20‑й корпус совершил все возможное, все доступное человеческим силам! Много богатырей его легло костьми, защищая каждую пядь земли, умерев смертью славных, но остались и целые полки героев.
Как видно из сообщения Генерального штаба, они возвратились уже на линию укрепленных русских позиций, чтобы, быть может, еще не раз удивить свет своим геройством и показать товарищам, как сорок тысяч наших могут удерживать сотни тысяч германцев в течение девяти дней, до последнего патрона!
Судя по „Русскому Инвалиду“, кажется, не многие наши полки, начавшие компанию с первых же дней, так отличились, и подвиг 20‑го корпуса станет достоянием истории и одною из ее ярких страниц».
Помню, как мы тогда зачитывались – «упивались» строками этой восторженной статьи.
Содержанием таких статей и писем с родины мы взаимно делились, ведь это поддерживало нашу бодрость, особенно потом, в те дни шумных манифестаций немцев, когда русские армии начали отход свой из Галиции.
Первое письмо, полученное лично мною из России, доставило мне двойную радость. Старый отец мой извещал меня, что вся семья моя благополучно продолжает жить в Вильне, и что я произведен за отличие в бою в подполковники, со старшинством 26 августа 1914 года (Алленбургский бой).
Скоро я получил от моей жены посылку с моей одеждой и бельем, и, между прочим, на присланном кителе блестели новые золотые штаб-офицерские погоны с двумя полосками! В жизни пленного это было большой радостью: ведь штаб-офицерский чин в русской армии, в мирное время, обыкновенному строевому капитану получить было очень трудно. Я вспомнил обещание покойного дорогого командира и помолился за его душу.
IV. Продолжение войны и плена
Питание. Устройство церкви в манеже. Возвращенье оружия полковнику Барыбину. Об Алленбургском бое – книга немецкого генерала Гальвица. Переезд в лагерь Гнаденфрей.

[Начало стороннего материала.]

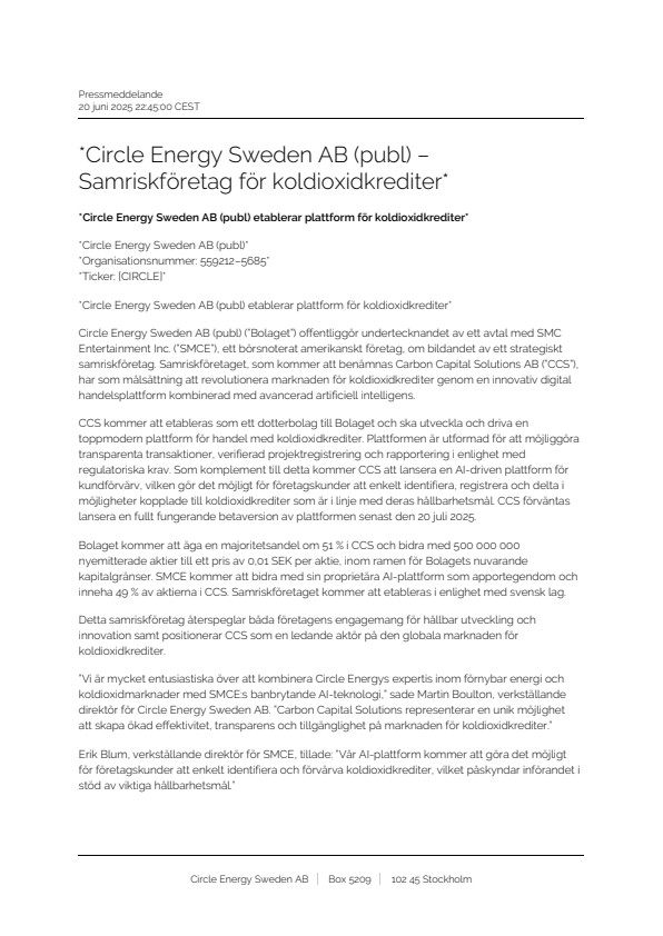 Circle Energy Sweden AB (publ) (”Bolaget”) offentliggör undertecknandet av ett avtal med SMC Entertainment Inc. (”SMCE”), ett börsnoterat amerikanskt företag, om bildandet av ett strategiskt samriskföretag. Samriskföretaget, som kommer att benämnas Carbon Capital Solutions AB (”CCS”), har som målsättning att revolutionera marknaden för koldioxidkrediter genom en innovativ digital handelsplattform kombinerad med avancerad artificiell intelligens.

Многие из нас еще в 1915 году были уверены, что война окончится скоро, но пленные англичане с улыбкой говорили нам, что «война еще не начиналась, потому что английская армия еще только вступает в войну». Конечно, нам обидно было слышать такое мнение, и тогда известная фраза англичан «будем вести войну до последнего солдата» была нами дополнена словом «русского», то есть англичане «будут вести войну до последнего русского солдата».